▸ **PROBLEM**: In the data below, begin at the line with "徐林 教授 bat365正版唯一官网创新论坛第九百六十五讲:超分子荧光组装体系的精准构筑与功能强化" and stop after the line with "GenCare Maximum Strength"; output those lines exactly and no pictures.

▸ **RECORDS TO USE**:
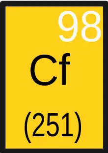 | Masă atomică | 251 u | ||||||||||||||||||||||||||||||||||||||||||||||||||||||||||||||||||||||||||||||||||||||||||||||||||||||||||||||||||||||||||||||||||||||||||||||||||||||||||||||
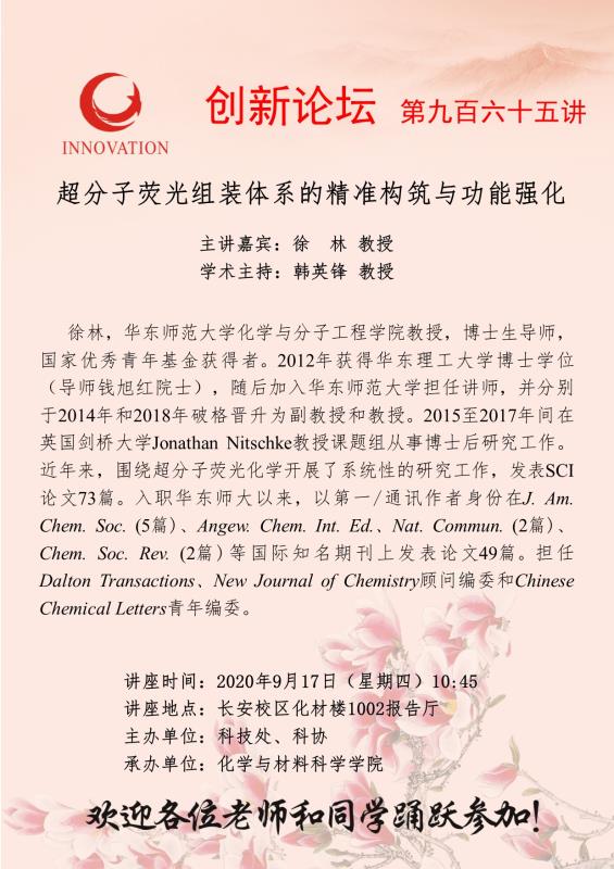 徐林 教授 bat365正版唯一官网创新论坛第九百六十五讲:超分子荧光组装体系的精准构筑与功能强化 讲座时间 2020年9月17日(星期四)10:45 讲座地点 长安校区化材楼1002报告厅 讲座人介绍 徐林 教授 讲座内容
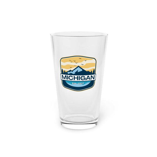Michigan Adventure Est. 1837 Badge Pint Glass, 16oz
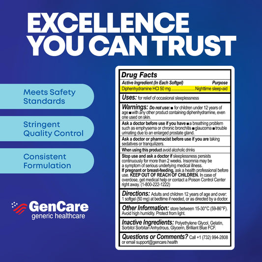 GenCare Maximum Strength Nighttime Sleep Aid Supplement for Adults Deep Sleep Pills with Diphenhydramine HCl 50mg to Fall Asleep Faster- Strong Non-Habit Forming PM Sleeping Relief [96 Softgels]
* * *
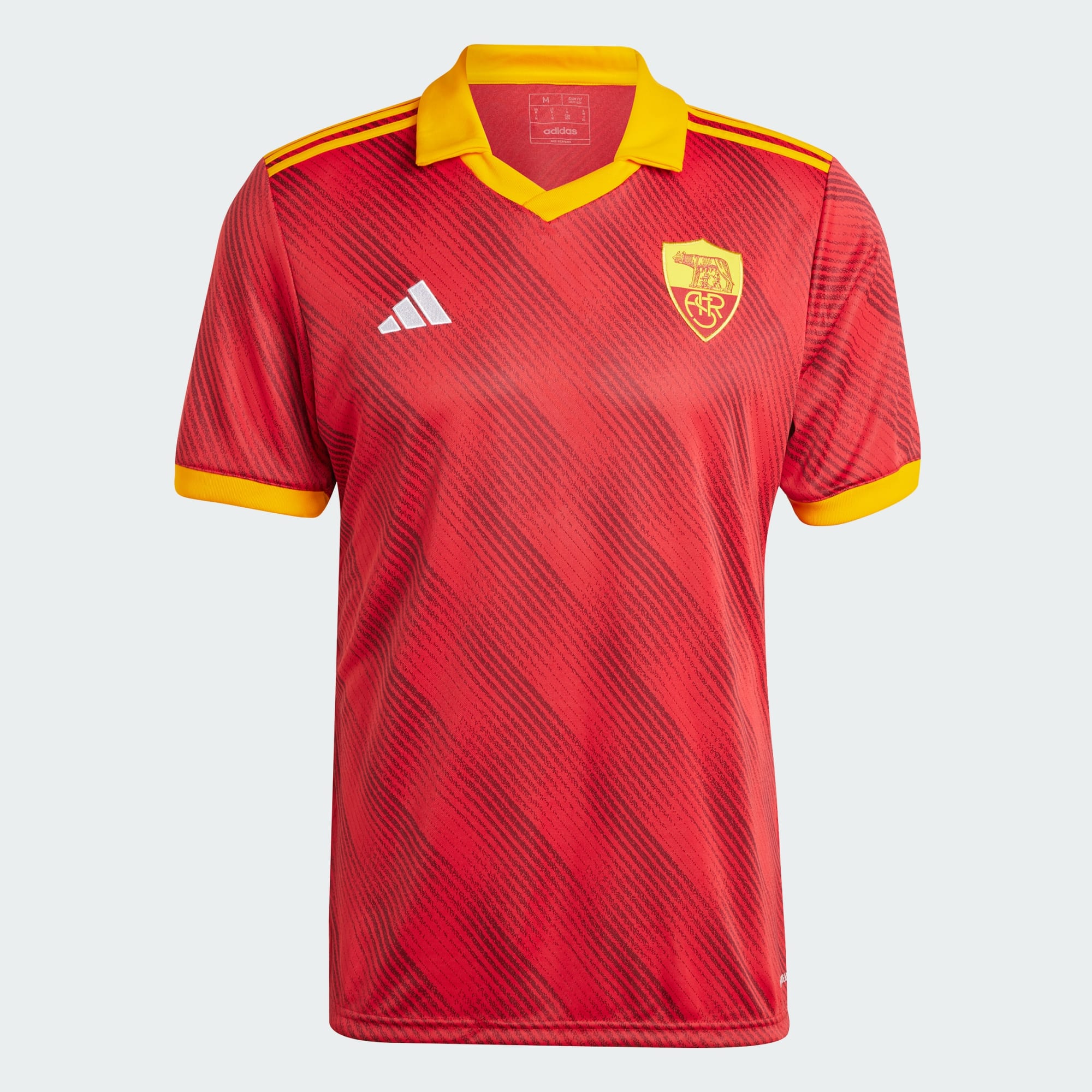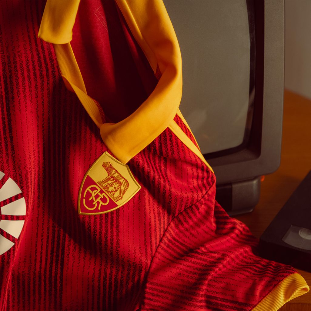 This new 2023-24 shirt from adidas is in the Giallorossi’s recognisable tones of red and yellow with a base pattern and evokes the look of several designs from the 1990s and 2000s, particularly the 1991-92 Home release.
---
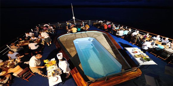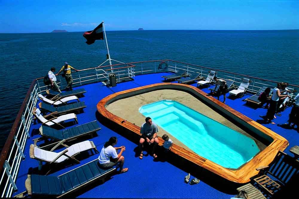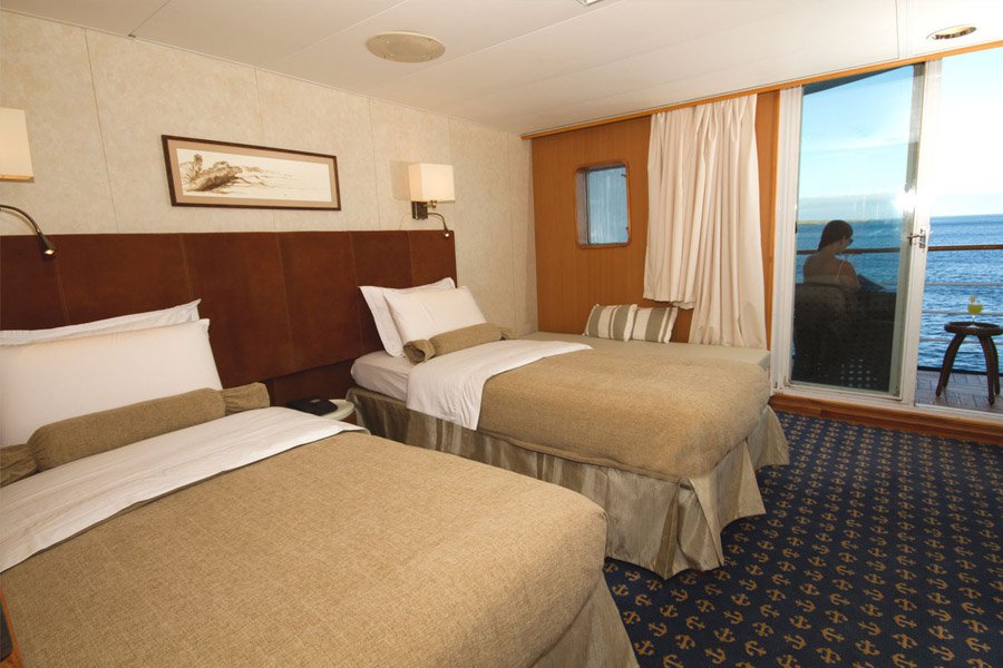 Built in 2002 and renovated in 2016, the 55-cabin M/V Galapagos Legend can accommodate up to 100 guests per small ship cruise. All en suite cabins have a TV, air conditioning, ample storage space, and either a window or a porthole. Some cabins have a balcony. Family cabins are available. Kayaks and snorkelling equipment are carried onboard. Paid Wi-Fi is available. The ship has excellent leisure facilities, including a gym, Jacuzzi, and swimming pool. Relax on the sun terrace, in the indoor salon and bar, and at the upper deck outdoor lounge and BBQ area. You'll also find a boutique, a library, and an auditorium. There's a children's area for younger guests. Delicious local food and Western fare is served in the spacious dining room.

▸ **TASK RESPONSE**:
 徐林 教授 bat365正版唯一官网创新论坛第九百六十五讲:超分子荧光组装体系的精准构筑与功能强化 讲座时间 2020年9月17日(星期四)10:45 讲座地点 长安校区化材楼1002报告厅 讲座人介绍 徐林 教授 讲座内容
Michigan Adventure Est. 1837 Badge Pint Glass, 16oz
 GenCare Maximum Strength Nighttime Sleep Aid Supplement for Adults Deep Sleep Pills with Diphenhydramine HCl 50mg to Fall Asleep Faster- Strong Non-Habit Forming PM Sleeping Relief [96 Softgels]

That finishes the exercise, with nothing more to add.